Shrinking pensions are not a joke though, whether at home in London or those of her friends in Greece. Still, she’s lucky because she not doing Quartet for the money.

“No, I’ve really retired. Delena rang up and said ‘would you like to do this’ and I thought, ‘I might go to South Africa’.

“I’ve been here before, my son was here. He did a BBC series,” says Ventham.

The series she is referring to is To the Ends of the Earth, which was shot in Richards Bay. Her son is Benedict Cumberbatch, recently seen by South African audiences as Major Steward in War Horse and Peter Guillam in Tinker, Taylor, Soldier, Spy.

Once Quartet’s three week long run in Cape Town is done, it’ll be a quick trip home to London before Ventham and her husband set off for a two week trip to Los Angeles to visit Cumberbatch, where he is filming on the set of JJ Abraham’s second Star Trek as the villain.

She thinks it is ironic that at 34 he is working on his first sci-fi set, when she did the 1970s TV series UFO.

Ventham also thinks it’s funny that her son has a long acting career, but it is his portrayal of Sherlock Holmes for the BBC TV series that has garnered him sudden fame.

“He’s done such good stuff in such a short time. He won the Critics Circle Theatre Award and the Evening Standard Theatre Award for Frankenstein. It was the most extraordinary piece of theatre.”

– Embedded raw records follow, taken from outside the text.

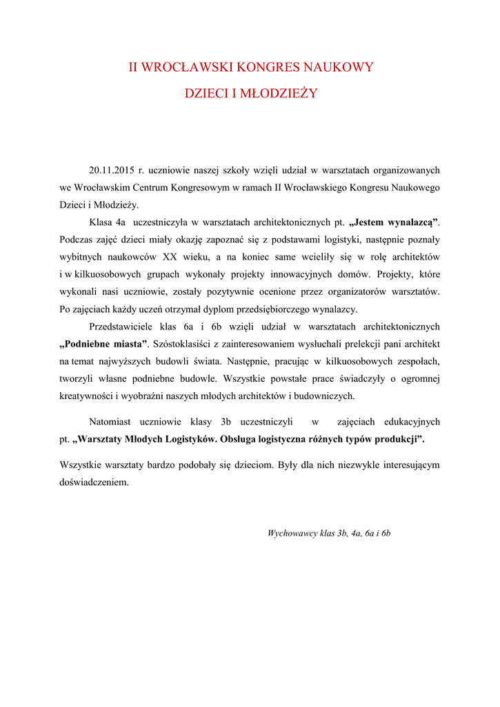 II WROCŁAWSKI KONGRES NAUKOWY DZIECI I MŁODZIEŻY 20.11.2015 r. uczniowie naszej szkoły wzięli udział w warsztatach organizowanych we Wrocławskim Centrum Kongresowym w ramach II Wrocławskiego Kongresu Naukowego Dzieci i Młodzieży. Klasa 4a uczestniczyła w warsztatach architektonicznych pt. „Jestem wynalazcą”. Podczas zajęć dzieci miały okazję zapoznać się z podstawami logistyki, następnie poznały wybitnych naukowców XX wieku, a na koniec same wcieliły się w rolę architektów i w kilkuosobowych grupach wykonały projekty innowacyjnych domów. Projekty, które wykonali nasi uczniowie, zostały pozytywnie ocenione przez organizatorów warsztatów. Po zajęciach każdy uczeń otrzymał dyplom przedsiębiorczego wynalazcy. Przedstawiciele klas 6a i 6b wzięli udział w warsztatach architektonicznych „Podniebne miasta”. Szóstoklasiści z zainteresowaniem wysłuchali prelekcji pani architekt na temat najwyższych budowli świata. Następnie, pracując w kilkuosobowych zespołach, tworzyli własne podniebne budowle. Wszystkie powstałe prace świadczyły o ogromnej kreatywności i wyobraźni naszych młodych architektów i budowniczych. Natomiast uczniowie klasy 3b uczestniczyli w zajęciach edukacyjnych pt. „Warsztaty Młodych Logistyków. Obsługa logistyczna różnych typów produkcji”. Wszystkie warsztaty bardzo podobały się dzieciom. Były dla nich niezwykle interesującym doświadczeniem. Wychowawcy klas 3b, 4a, 6a i 6b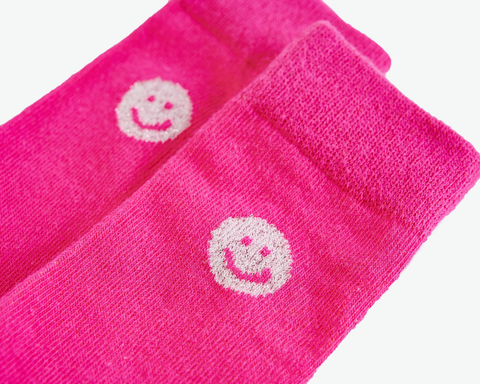 Kniekousen met smileyKleur: roze / fluo pinkMerk: Someone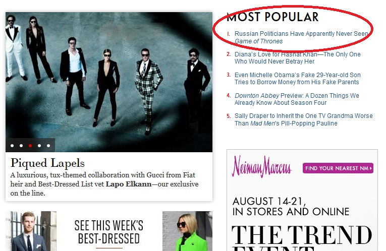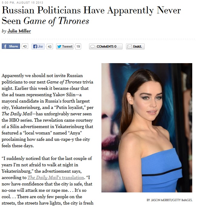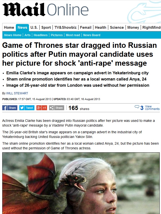 Однако сегодня утром новость об использовании фотографии Эмилии Кларк в политической рекламе написали британская газета «Daily Mail» и американская «Vanity Fair». Причем у американцев новость с заголовком «Российские политики, очевидно, никогда не видели «Игру престолов» стала самой популярной среди читателей.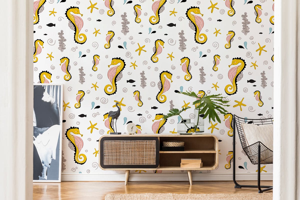 Immerse your space in the charm of the sea with the Seahorses & Starfishes Wallpaper Mural. Featuring elegant seahorses and whimsical starfish motifs, this mural captures the serene beauty of ocean life. Intricate details in bold yellow and soft pink against a pristine white background evoke a sense of playful sophistication. Perfect for creating a focal point in any room, this wallpaper's captivating design effortlessly complements both contemporary and classic interiors.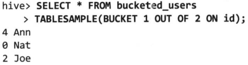 后续的查询可以利用这个在同一文件中已经分好组并降序排好序的年份气温。如果SORT BY和DISTRIBUTE BY中所用的列相同,可以缩写为CLUSTER BY以同时指定两者所用的列。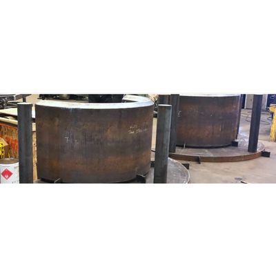 This industrial bearing shell was custom fabricated by Kubes Steel, the heavy shell plates are brought in cut-to-size where we start with the press brake to form them into half cylinders. After forming the plate, our welders take over to assemble the shell halves and prepare them ready for the machining process and ready .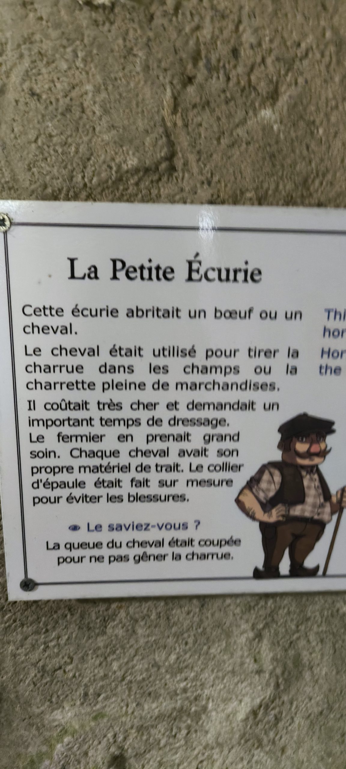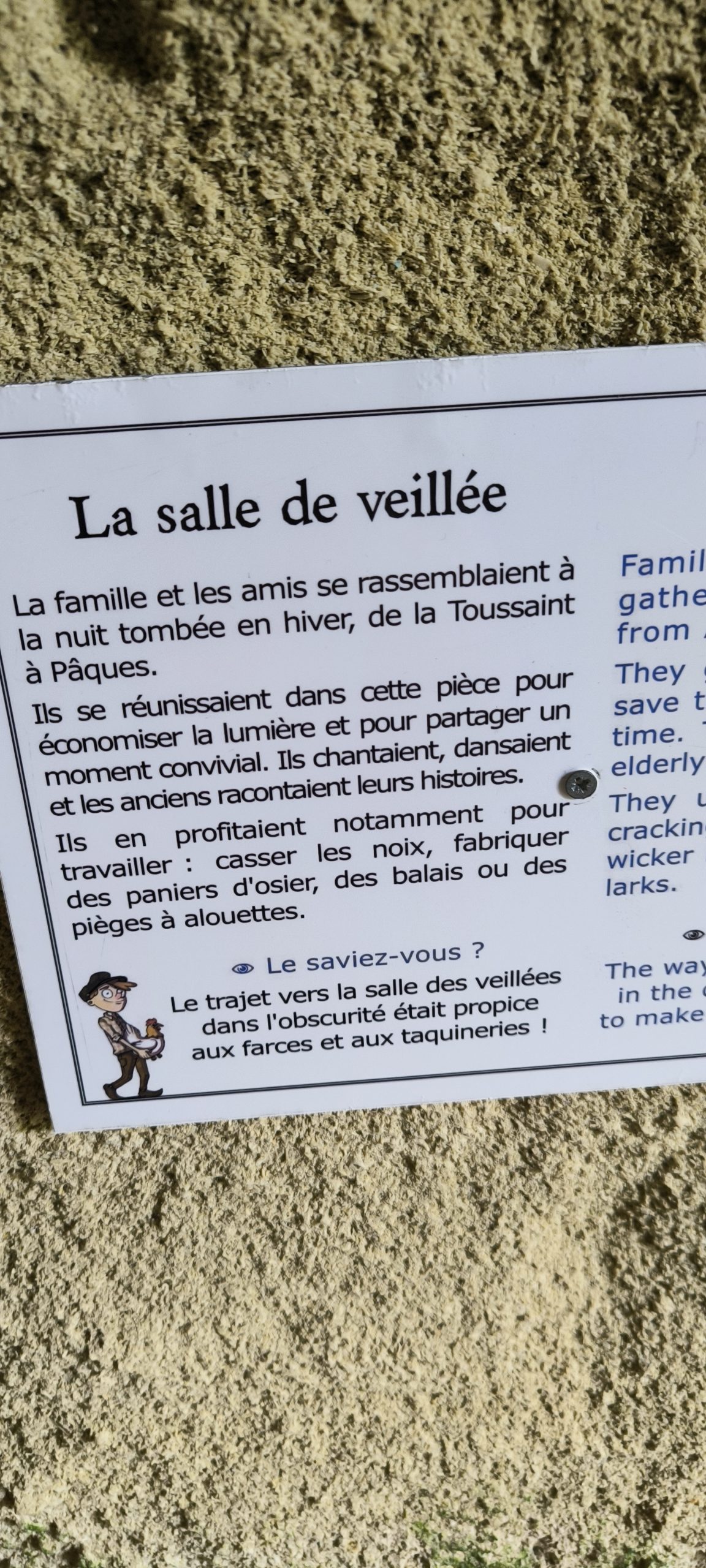Les petits panneaux qui expliquent les différentes salles et la vie de l’époque.

“He’s done the most wonderful plays in the theatre and terrific television, but it’s this Sherlock thing... every time you pick up a paper or a magazine it says ‘Sherlock in’ or ‘Sherlock says’. It’s quite extraordinary. It takes just one part... “

• Quartet opens tonight (March 21) and runs until April 7, Tuesdays to Saturdays, at the Theatre on the Bay. Tickets are R80-R160, book through Computicket.